WORK TO BE COMPLETED: Take the lines from the line containing "在銷額維度上,主流品牌則占據" through the end of the entries and output them exactly, with no pictures and nothing more.

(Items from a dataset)
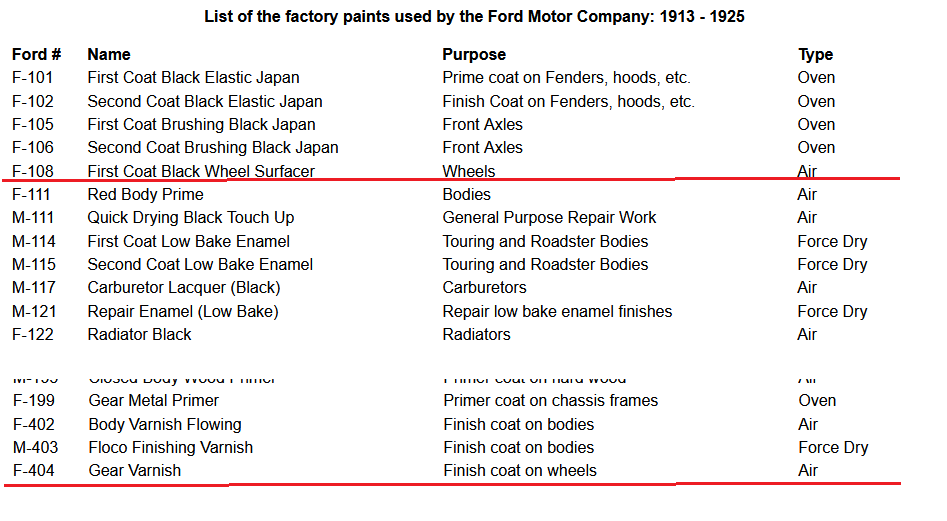 if you can find a concrete example or memory of someone scraping paint off a Ford wheel in the early days, I'd like to add it to my list. So far, all of the Ford wheels I've seen in early photos up to 1925 are painted. I think the only time varnished wheels would be on a Ford pre-1925 would be through five-lug accessory demountables.
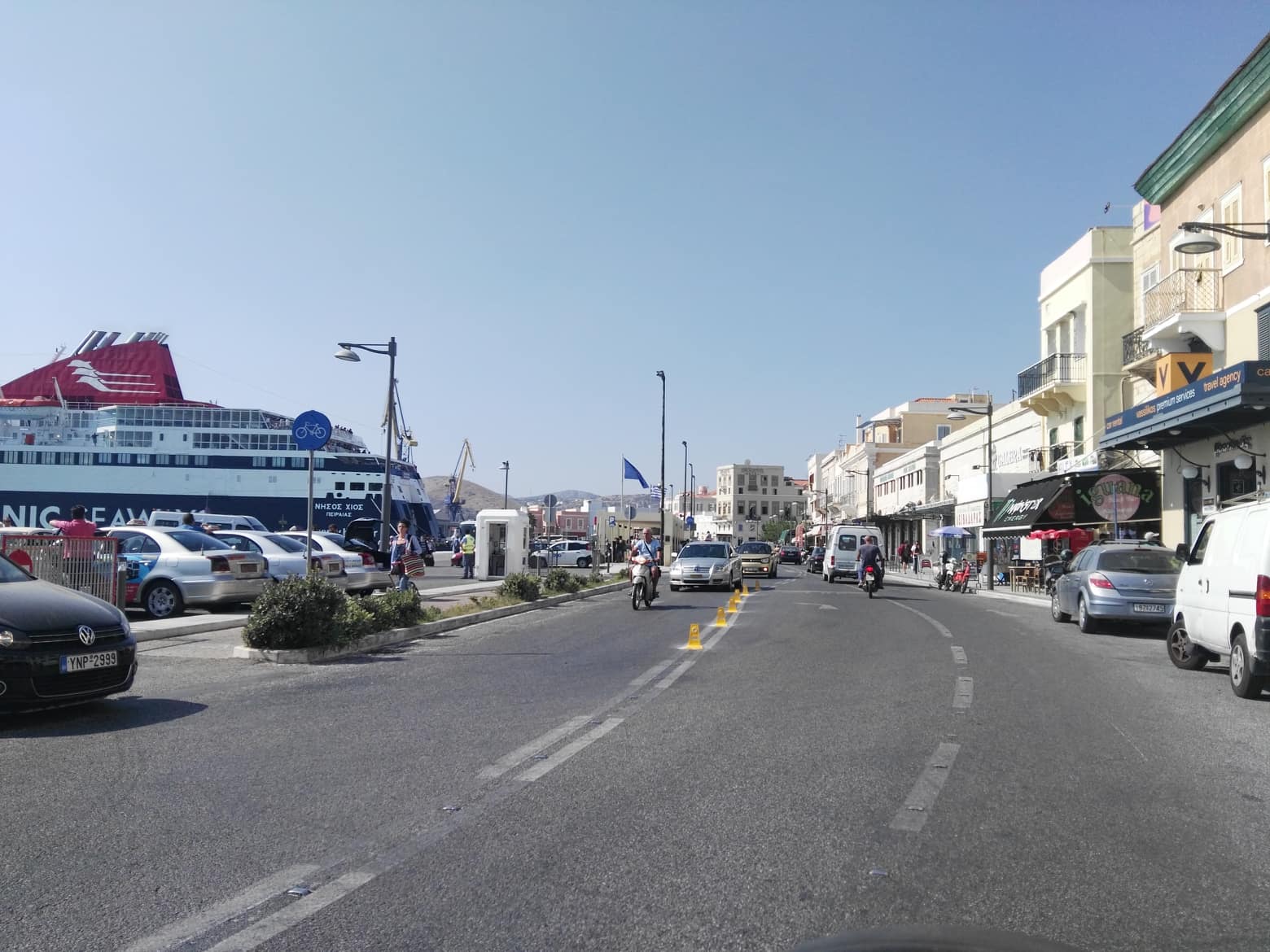 Σημειώνεται πως, τα πλαστικά μικρά εμπόδια... τοποθετήθηκαν κατά μήκος του οδοστρώματος στο ύψος του kiss and ride και μάλιστα επί της διπλής διαχωριστικής γραμμής ώστε να μην μπορούν να σταθμεύουν παράνομα οι οδηγοί και να εξυπηρετείται απρόσκοπτα η ροή οχημάτων, δικύκλων, μικρών φορτηγών, mini bus αλλά κι επιβατών των πλοίων.
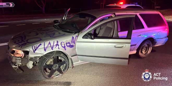 Shortly after 10:30pm on Saturday, NSW Police observed a silver Ford wagon (that had words spray painted on it and was in poor repair) driving dangerously through Queanbeyan. The vehicle failed to stop for NSW Police before entering the ACT where it was observed driving at excessive speed through multiple suburbs.
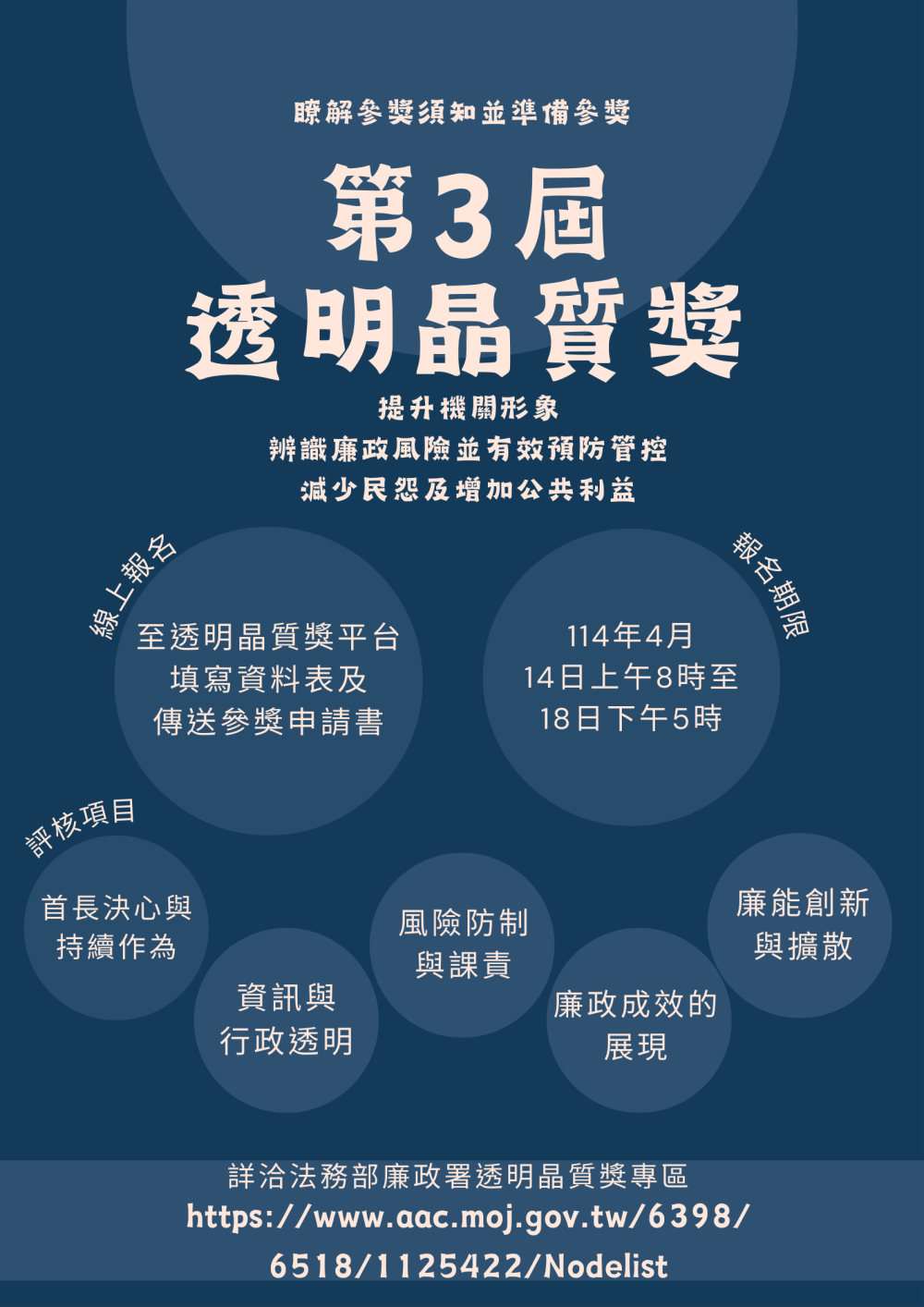 「透明晶質獎」是一套由法務部每年「以激勵措施方式對公共機構進行廉潔評估」機制,由廉政署執行,希望讓所有機關都有機會透過參與評獎檢視自身機關亮點,實現「透明晶質獎」的「激勵、承諾、實踐、參與、信賴」目標理念。
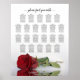 This elegant 22 table wedding seating chart features a beautiful photo of a single red rose reflecting in water with waves and ripples. The title reads "please find your table" in lacy script calligraphy. There is space for the couples' names and wedding date. This chart has table assignments for 220 guests 10 people per table.
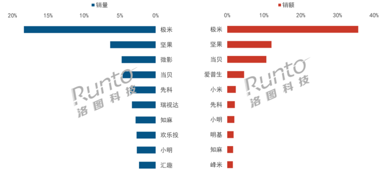 在銷額維度上,主流品牌則占據更多的市場份額。前四名極米、堅果、當貝、愛普生的合計份額(CR4)達到63.0%,市場集中度處於(yu) 寡占型。TOP10品牌中,極米、堅果和當貝保持第三的位置,愛普生升至第四;知麻、峰米、小明的漲幅較高,超過100%。
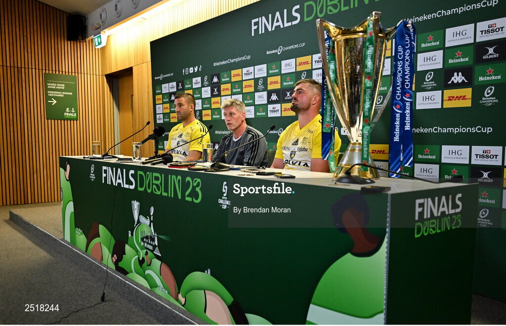 20 May 2023; La Rochelle head coach Ronan O'Gara, centre, with Romain Sazy, left, and Grégory Alldritt during the post match media conference after the Heineken Champions Cup Final match between Leinster and La Rochelle at Aviva Stadium in Dublin. Photo by Brendan Moran/Sportsfile

TASK RESULT:
 在銷額維度上,主流品牌則占據更多的市場份額。前四名極米、堅果、當貝、愛普生的合計份額(CR4)達到63.0%,市場集中度處於(yu) 寡占型。TOP10品牌中,極米、堅果和當貝保持第三的位置,愛普生升至第四;知麻、峰米、小明的漲幅較高,超過100%。
 20 May 2023; La Rochelle head coach Ronan O'Gara, centre, with Romain Sazy, left, and Grégory Alldritt during the post match media conference after the Heineken Champions Cup Final match between Leinster and La Rochelle at Aviva Stadium in Dublin. Photo by Brendan Moran/Sportsfile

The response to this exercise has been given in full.